Increased Buying Power Puts Pressure on Home Prices

0

The December 2019 Mortgage Monitor Report from Black Knight Inc. suggests that low interest rates in late 2019 helped accelerate home-price growth while also improving affordability for home buyers.

In fact, December represented the fourth consecutive month of acceleration in the annual rate of growth and the largest single-month acceleration in almost seven years. After falling from nearly 7% in early 2018 to 3.8% in August 2019, the national home price growth rate gained nearly a full percentage point increase over the last four months of 2019, climbing to 4.7% to close out the year.

“The low end of the market – those homes in the bottom 20 percent by price – saw 6.6 percent annual growth, nearly three times the rate of the top 20 percent,” says Ben Graboske president of Black Knight’s Data & Analytics division.

“That said, higher-priced homes have been more reactive to recent rate declines. The annual growth rate among the top price tier has more than tripled over the past four months – from 0.7 percent year-over-year in August to 2.3 percent as of the end of the year – while there’s been very little acceleration at the lowest end of the market,” he adds.

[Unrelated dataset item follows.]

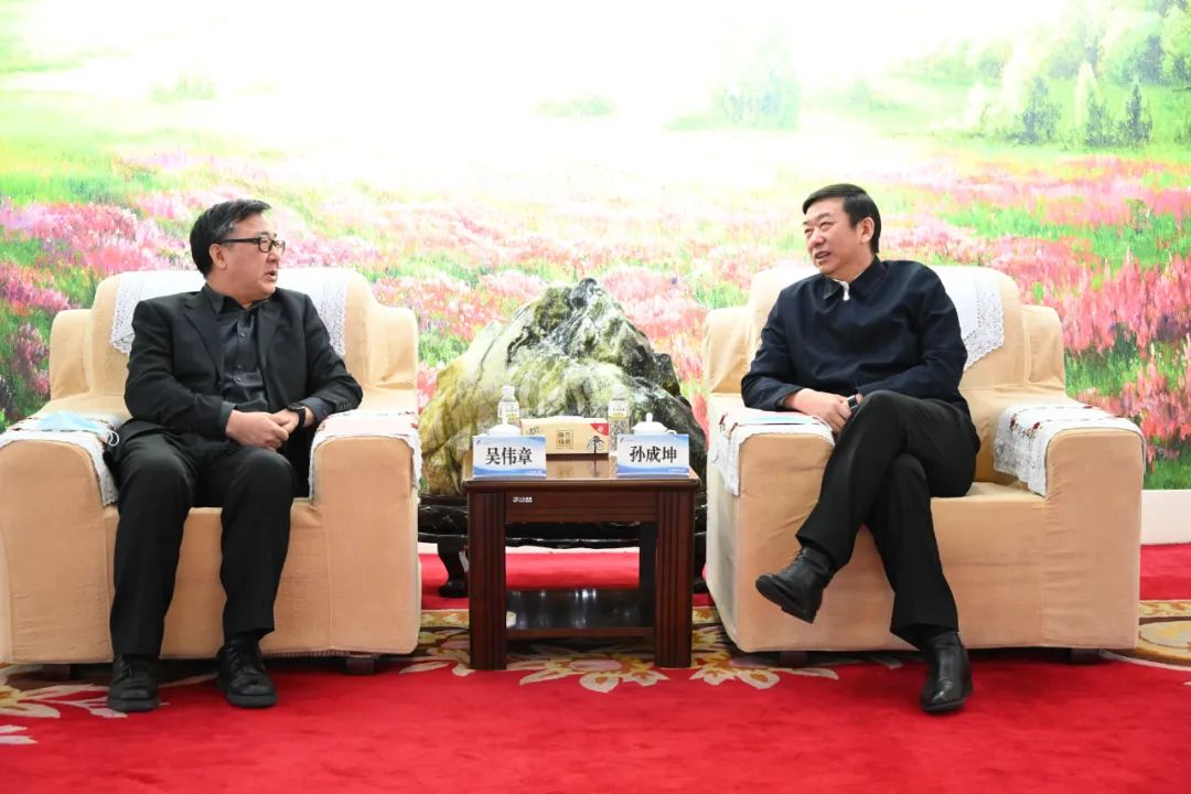 12月25日下午,集团公司党委书记、董事长孙成坤与素有“中国发电设备摇篮”的央企哈尔滨电气集团有限公司党委副书记、董事、总经理吴伟章一行举行会谈,就共同谋划省内清洁能源开发利用项目合作及央地国企未来转型发展等事宜进行了深入交流。

In terms of affordability, low interest rates in the second half of 2018 balanced out an average home-price increase of about $13,000 versus a year ago, making home purchases less expensive. In fact, the monthly mortgage payment required to buy the same home in December 2019 versus December 2018 dropped by 10%. It now requires 20.6% of median monthly income to purchase the same home as it did just over a year ago: the smallest payment-to-income ratio Black Knight has reported in two years.

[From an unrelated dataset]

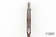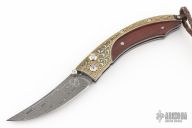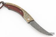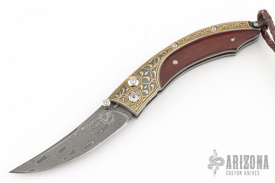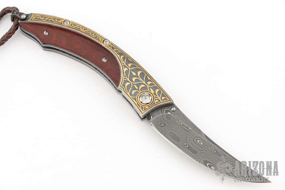The B11 Persian from William Henry features a Devin Thomas upswept Typhoon Damascus blade with single thumbstud displaying a beautiful white topaz inset. There is a white topaz inset on the button lock. The handle is comprised of Koftgari inlaid 24K gold in a blued tool steel frame and snakewood scales. Includes leather sheath with pocket clip and original box and letter of authenticity. Excellent condition. 1011-0248 08/50 5/31/2011

“Put another way, prospective home buyers can now purchase a home that is $48,000 more expensive than a year ago while still paying the same in principal and interest,” Graboske explains. “That’s a 16 percent increase in buying power. Recent history at comparable levels of affordability suggest acceleration in home price growth may well continue in the coming months, as this increased buying power puts upward pressure on home prices across the country.”

The Mortgage Monitor also looks at the refinancing environment, reporting that there are now 9.4 million 30-year-mortgage holders in good standing who have at least 20% equity in their homes, credit scores of 720 or higher and who could cut their current interest rate by at least 0.75% by refinancing. This is the largest the population has been since mid-October 2019, when interest rates briefly fell below 3.6%.

On average, these borrowers could save $264 per month, for an aggregate monthly savings of nearly $2.5 billion. While down slightly from the $2.6 billion aggregate potential savings in August and September of 2019, it is three times the volume of savings available at the beginning of last year.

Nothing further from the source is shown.